> [Your objective] All of the data should be restated word for word, with the pictures omitted.

> [Given material]
◇ ◇ ◇

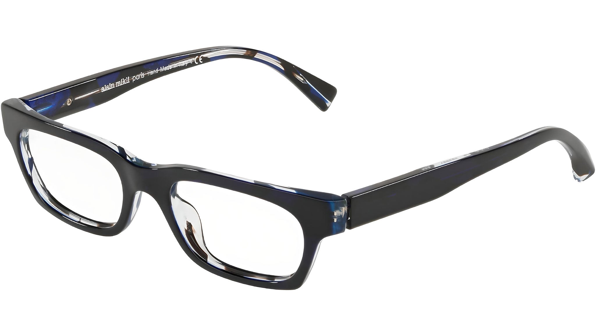 Occhiali da vista Alain Mikli modello 0A03091 variante colore top blu blu e fili, codice colore 005. Alain Mikli è stato il primo marchio a sostenere l’idea di occhiale come accessorio. Dalla fusione di arte e moda nascono montature da sempre sinonimo di unicità e provocazione, contraddistinte per il design originale e le combinazioni di colori esclusive.
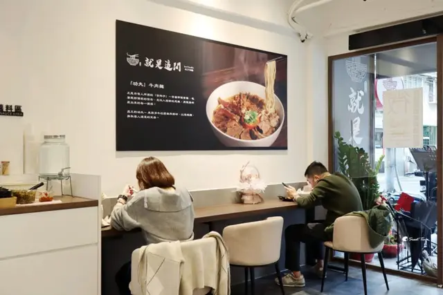 位於松山區的「就是這間-功夫牛肉麵」,以蔬果熬煮湯頭,搭配上大塊軟嫩牛肉,入口便能感受到結合後的香氣,無論是清燉或是紅燒都讓人回味無窮,是間餐點及環境都優質的餐廳。餐廳位置及環境「就是這間」鄰近捷運南京復興站,從5號出口步行過來約10分鐘的路程,附近有不少美食,現在又多了一間值得品嚐的餐廳了。餐廳剛開幕沒多久,所以環境還相當新穎,最棒的是整體空間寬敝舒適,和傳統牛肉麵店很不同,光這點就讓我想再回訪了。餐廳以白色為基底帶出餐廳的特色,半開放式的廚房,不僅沒有油煙味,還相當乾淨。長廊的視覺感還不錯,坐在這用餐還可以看見廚師料理呢。MENU及餐點分享架上的醬料、餐具及開水皆可以自行取用。酸菜是牛肉麵不可或缺的配角辣椒很香,帶點後勁。這邊的牛肉麵除了常見的牛三寶,還有和別人不一樣的現煎牛雪花,香噴噴的牛雪花搭配起來也滿對味的唷。菜單MENU牛肉麵有分清燉、紅燒、乾拌三種,如不吃牛肉也有雞肉麵可選擇,一樣是都是採用蔬果熬煮的湯頭,另外還有湯類及小菜類可以搭配。功夫牛肉麵 / 紅燒 / 中碗功夫牛肉麵可以同時品嚐四個部位,有牛腱心、牛前筋、牛肚、牛雪花,份量大、肉也夠多,即使中碗還是超級飽,相當過癮,這碗必嚐。瞧瞧這牛腱心,超有厚度,而且燉得相當軟嫩,每口都能感受到肉香味,超迷人的啊。牛筋軟Q,不失口感,讓人愛不釋口。蜂巢牛肚帶點嚼勁,在口中愈嚼愈香。牛雪花為油花較多的牛胸腹,煎後油香味十足,送上來時帶點紅潤,放在湯裡意外的搭。這邊的麵條選用的是微粗的拉麵,即使在湯裡泡了一回還是相當Q彈,口感超好,我喜歡。蔬果熬煮的紅燒湯,帶點甘甜,一點也不會鹹膩,這湯頭我可以喝光光。半筋半肉牛肉麵 / 清燉 / 中碗牛腱心肉和牛前筋口感相當好,所以清燉這碗我們決定選擇半筋半肉,可以享受大口吃肉和牛筋的滿足感。雖然紅燒不鹹膩,但清燉的湯頭更加清爽,我也相當喜歡。肉塊和牛筋一樣大塊豪氣,超能滿足味蕾。川味雙椒牛雪花拌麵拌麵除了麵條和肉,也會附上些許的蔬菜,讓整體的口感更豐富。雖然牛雪花加入湯裡也滿對味的,但我覺得搭配拌麵更加分,因為油花和麵條結合後,香氣更能鎖住。吸飽油花的麵條超好吃,很喜歡這個組合。麵條雖然已經帶點辣度了,但我覺得再加上些許的辣椒更出色,愛吃辣的朋友一定要加起來。筋肉肚拼盤滷味所選的部位和厚度,與湯麵不太一樣,吃起來較有嚼勁,感覺好適合當下酒菜喔,切一盤回家加菜也不錯。單吃的話會覺得味道略淡,但沾上主廚特調的醬料後提味不少呢。紅燒滷花干花干吸飽了湯汁,咬下後還會噴汁呢,本身的辣度不明顯,建議可以再加點辣。柚香紫蘇蘿蔔在大口吃肉之後,就是要來些清爽的小菜,柚子及紫蘇調味後的蘿蔔,酸甜可口。燙青菜青菜以海鹽調味,清爽不油膩,和牛肉麵搭配很剛好。「就是這間」的清爽香醇湯頭,以及大塊豪氣的牛肉,都讓我回味無窮,是一間會讓我想再回訪的牛肉麵店,推薦給大家。…查看更多
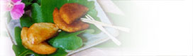 かぼちゃとじゃがいも餅 \400- かごちゃとじゃがいもにデンプンを混ぜ合わせた 手作りの一品! |
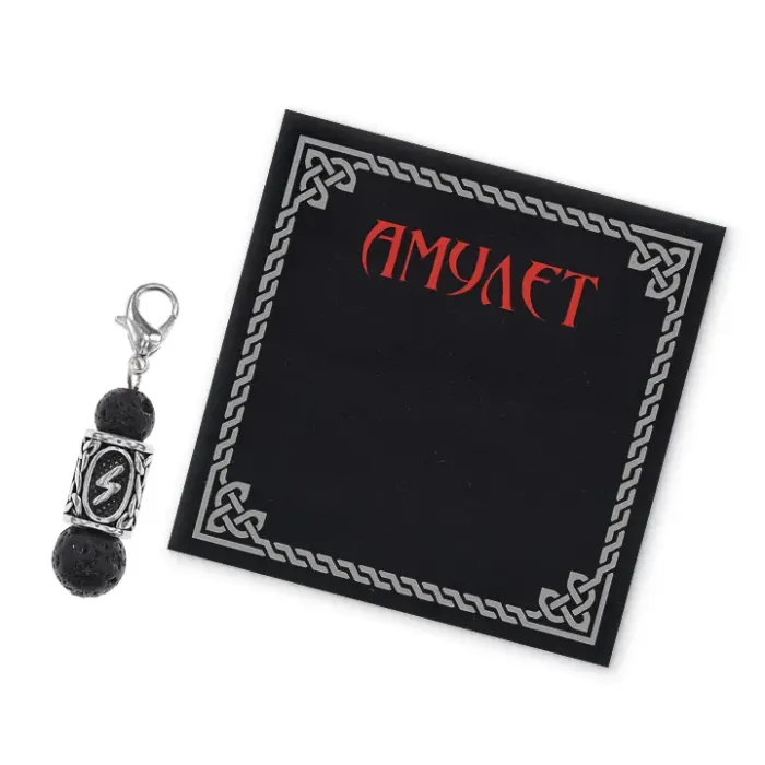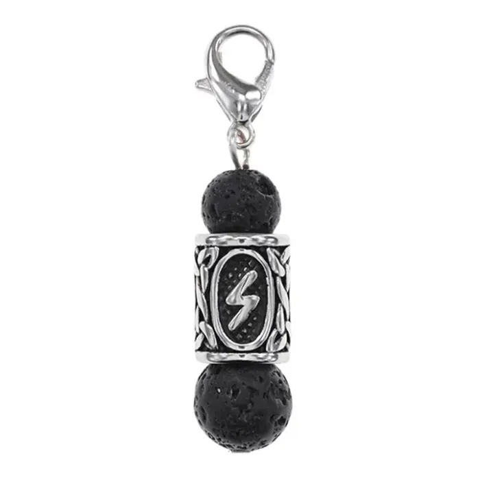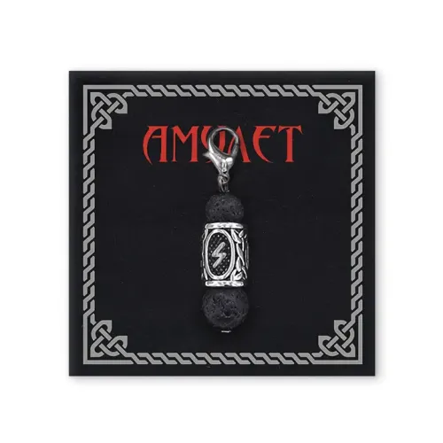 Брелок-амулет с руной Сила. Изготовлен из нержавеющей стали и натурального камня лава.

◇ ◇ ◇

> [Written answer]
 Occhiali da vista Alain Mikli modello 0A03091 variante colore top blu blu e fili, codice colore 005. Alain Mikli è stato il primo marchio a sostenere l’idea di occhiale come accessorio. Dalla fusione di arte e moda nascono montature da sempre sinonimo di unicità e provocazione, contraddistinte per il design originale e le combinazioni di colori esclusive.
 位於松山區的「就是這間-功夫牛肉麵」,以蔬果熬煮湯頭,搭配上大塊軟嫩牛肉,入口便能感受到結合後的香氣,無論是清燉或是紅燒都讓人回味無窮,是間餐點及環境都優質的餐廳。餐廳位置及環境「就是這間」鄰近捷運南京復興站,從5號出口步行過來約10分鐘的路程,附近有不少美食,現在又多了一間值得品嚐的餐廳了。餐廳剛開幕沒多久,所以環境還相當新穎,最棒的是整體空間寬敝舒適,和傳統牛肉麵店很不同,光這點就讓我想再回訪了。餐廳以白色為基底帶出餐廳的特色,半開放式的廚房,不僅沒有油煙味,還相當乾淨。長廊的視覺感還不錯,坐在這用餐還可以看見廚師料理呢。MENU及餐點分享架上的醬料、餐具及開水皆可以自行取用。酸菜是牛肉麵不可或缺的配角辣椒很香,帶點後勁。這邊的牛肉麵除了常見的牛三寶,還有和別人不一樣的現煎牛雪花,香噴噴的牛雪花搭配起來也滿對味的唷。菜單MENU牛肉麵有分清燉、紅燒、乾拌三種,如不吃牛肉也有雞肉麵可選擇,一樣是都是採用蔬果熬煮的湯頭,另外還有湯類及小菜類可以搭配。功夫牛肉麵 / 紅燒 / 中碗功夫牛肉麵可以同時品嚐四個部位,有牛腱心、牛前筋、牛肚、牛雪花,份量大、肉也夠多,即使中碗還是超級飽,相當過癮,這碗必嚐。瞧瞧這牛腱心,超有厚度,而且燉得相當軟嫩,每口都能感受到肉香味,超迷人的啊。牛筋軟Q,不失口感,讓人愛不釋口。蜂巢牛肚帶點嚼勁,在口中愈嚼愈香。牛雪花為油花較多的牛胸腹,煎後油香味十足,送上來時帶點紅潤,放在湯裡意外的搭。這邊的麵條選用的是微粗的拉麵,即使在湯裡泡了一回還是相當Q彈,口感超好,我喜歡。蔬果熬煮的紅燒湯,帶點甘甜,一點也不會鹹膩,這湯頭我可以喝光光。半筋半肉牛肉麵 / 清燉 / 中碗牛腱心肉和牛前筋口感相當好,所以清燉這碗我們決定選擇半筋半肉,可以享受大口吃肉和牛筋的滿足感。雖然紅燒不鹹膩,但清燉的湯頭更加清爽,我也相當喜歡。肉塊和牛筋一樣大塊豪氣,超能滿足味蕾。川味雙椒牛雪花拌麵拌麵除了麵條和肉,也會附上些許的蔬菜,讓整體的口感更豐富。雖然牛雪花加入湯裡也滿對味的,但我覺得搭配拌麵更加分,因為油花和麵條結合後,香氣更能鎖住。吸飽油花的麵條超好吃,很喜歡這個組合。麵條雖然已經帶點辣度了,但我覺得再加上些許的辣椒更出色,愛吃辣的朋友一定要加起來。筋肉肚拼盤滷味所選的部位和厚度,與湯麵不太一樣,吃起來較有嚼勁,感覺好適合當下酒菜喔,切一盤回家加菜也不錯。單吃的話會覺得味道略淡,但沾上主廚特調的醬料後提味不少呢。紅燒滷花干花干吸飽了湯汁,咬下後還會噴汁呢,本身的辣度不明顯,建議可以再加點辣。柚香紫蘇蘿蔔在大口吃肉之後,就是要來些清爽的小菜,柚子及紫蘇調味後的蘿蔔,酸甜可口。燙青菜青菜以海鹽調味,清爽不油膩,和牛肉麵搭配很剛好。「就是這間」的清爽香醇湯頭,以及大塊豪氣的牛肉,都讓我回味無窮,是一間會讓我想再回訪的牛肉麵店,推薦給大家。…查看更多
 かぼちゃとじゃがいも餅 \400- かごちゃとじゃがいもにデンプンを混ぜ合わせた 手作りの一品! |
 Брелок-амулет с руной Сила. Изготовлен из нержавеющей стали и натурального камня лава.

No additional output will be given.